Lucro Presumido em 2026: o que muda e por que o tema chegou ao Judiciário

29 de abril de 2026 - Por: Danielle Wammes, Fábio Fernando Martini,

Lucro Presumido em 2026: o que muda e por que o tema chegou ao Judiciário

O regime do Lucro Presumido sempre foi visto pelas empresas como uma forma objetiva e previsível de apuração do IRPJ e da CSLL. Em vez de calcular o lucro real, a legislação estabelece percentuais aplicados sobre a receita bruta, simplificando o recolhimento dos tributos e trazendo maior praticidade ao planejamento financeiro.

Esse modelo encontra fundamento no próprio Código Tributário Nacional. O art. 44 do Código Tributário Nacional define que: “a base de cálculo do imposto é o montante real, arbitrado ou presumido da renda, ou dos proventos tributáveis”, reconhecendo expressamente a legitimidade da presunção. Não se trata, portanto, de um favor fiscal, mas de técnica legalmente prevista de determinação da base tributável.

 

A majoração dos percentuais

Com a promulgação da Lei Complementar n.º 224/2025, o cenário sofreu alterações relevantes. A norma, ao tratar da revisão e limitação de benefícios tributários, acabou equiparando o Lucro Presumido à lógica dos incentivos fiscais.

Após isso, o Decreto n.º 12.808/2025 introduziu a majoração de 10% nos percentuais de presunção incidentes sobre a parcela da receita que exceder R$ 5.000.000,00 ao ano.

Posteriormente, a Instrução Normativa RFB n.º 2.305/2025 estabeleceu um critério de acompanhamento trimestral, fixando o parâmetro de R$ 1.250.000,00 por trimestre. Na prática, isso significa que, mesmo sem ultrapassar o limite anual, a empresa pode sofrer o impacto da majoração caso exceda o teto em um determinado trimestre.

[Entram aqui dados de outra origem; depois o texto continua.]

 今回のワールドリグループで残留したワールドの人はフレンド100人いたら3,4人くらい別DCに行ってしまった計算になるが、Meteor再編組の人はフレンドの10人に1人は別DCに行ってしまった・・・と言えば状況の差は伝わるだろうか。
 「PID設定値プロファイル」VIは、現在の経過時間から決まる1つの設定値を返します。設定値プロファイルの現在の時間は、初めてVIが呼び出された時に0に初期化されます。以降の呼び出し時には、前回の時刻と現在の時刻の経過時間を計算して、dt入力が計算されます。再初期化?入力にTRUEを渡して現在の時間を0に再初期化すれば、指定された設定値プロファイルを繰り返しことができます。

Assim, empresas com receitas oscilantes ao longo do ano podem se deparar com recolhimentos maiores em determinados períodos, ainda que, ao final do exercício, o faturamento total permaneça no limite originalmente considerado.

 

A discussão sobre a natureza do Lucro Presumido

O ponto central da controvérsia jurídica está na natureza do regime, pois a Lei Complementar n.º 224/2025 adquire a sistemática de que o Lucro Presumido poderia ser tratado como benefício fiscal sujeito a restrições ou redução indireta.

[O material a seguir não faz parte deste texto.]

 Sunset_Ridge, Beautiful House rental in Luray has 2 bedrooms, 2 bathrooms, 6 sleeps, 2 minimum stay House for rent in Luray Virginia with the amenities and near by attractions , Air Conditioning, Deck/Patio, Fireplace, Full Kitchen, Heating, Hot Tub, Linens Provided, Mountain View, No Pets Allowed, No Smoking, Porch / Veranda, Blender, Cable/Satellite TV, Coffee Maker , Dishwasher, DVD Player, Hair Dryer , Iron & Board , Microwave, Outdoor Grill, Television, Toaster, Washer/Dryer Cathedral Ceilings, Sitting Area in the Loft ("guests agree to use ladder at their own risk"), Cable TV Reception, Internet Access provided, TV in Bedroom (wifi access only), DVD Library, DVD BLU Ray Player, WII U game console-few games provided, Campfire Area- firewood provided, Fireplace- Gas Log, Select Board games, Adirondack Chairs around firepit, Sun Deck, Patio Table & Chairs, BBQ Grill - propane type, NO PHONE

Todavia, o Lucro Presumido não reduz tributo por liberalidade estatal. Ele apenas define, de forma simplificada, como se calcula a base tributável, como previsto pelo art. 44 do Código Tributário Nacional. Ou seja, o benefício fiscal pressupõe exceção ou vantagem concedida, já a técnica de apuração representa método legal de cálculo.

 

O tema chega ao Judiciário

A situação tornou-se ainda mais relevante com o surgimento de decisões judiciais recentes. Em janeiro de 2026, a Justiça Federal concedeu liminar suspendendo de imediato a aplicação do adicional de 10% sobre os percentuais de presunção do IRPJ e da CSLL. Tal decisão reconheceu, em análise preliminar, que o Lucro Presumido não possui natureza de incentivo fiscal, mas sim de técnica de apuração da base de cálculo prevista no Código Tributário Nacional.

Embora se trate de decisão liminar, o entendimento chama atenção por enfrentar diretamente o fundamento utilizado para justificar a majoração. Ao entender que o Lucro Presumido não configura benefício fiscal passível de redução, a Justiça Federal sinaliza a existência de uma controvérsia jurídica, com base nos princípios da legalidade e da segurança jurídica.

Tal discussão merece uma clara atenção das empresas brasileiras, pois além do impacto financeiro, a discussão envolve a própria estrutura de tributação adotada por pessoas jurídicas no país.

 

Conclusão

O debate sobre o Lucro Presumido em 2026 está longe de ser somente técnico. Ele afeta de imediato a situação financeira de inúmeras pessoas jurídicas, envolvendo fundamentos do sistema tributário.

As recentes decisões judiciais indicam que o tema ainda passará por diversas discussões nos tribunais. E, como costuma ocorrer em matérias tributárias de grande impacto, os desdobramentos podem redefinir não apenas a carga tributária, mas também como o lucro presumido será interpretado daqui em diante.

Empresas que adotam o Lucro Presumido devem fazer uma análise jurídica e contábil individual, pois seus efeitos podem ser mais impactantes, principalmente no contexto financeiro, do que aparenta.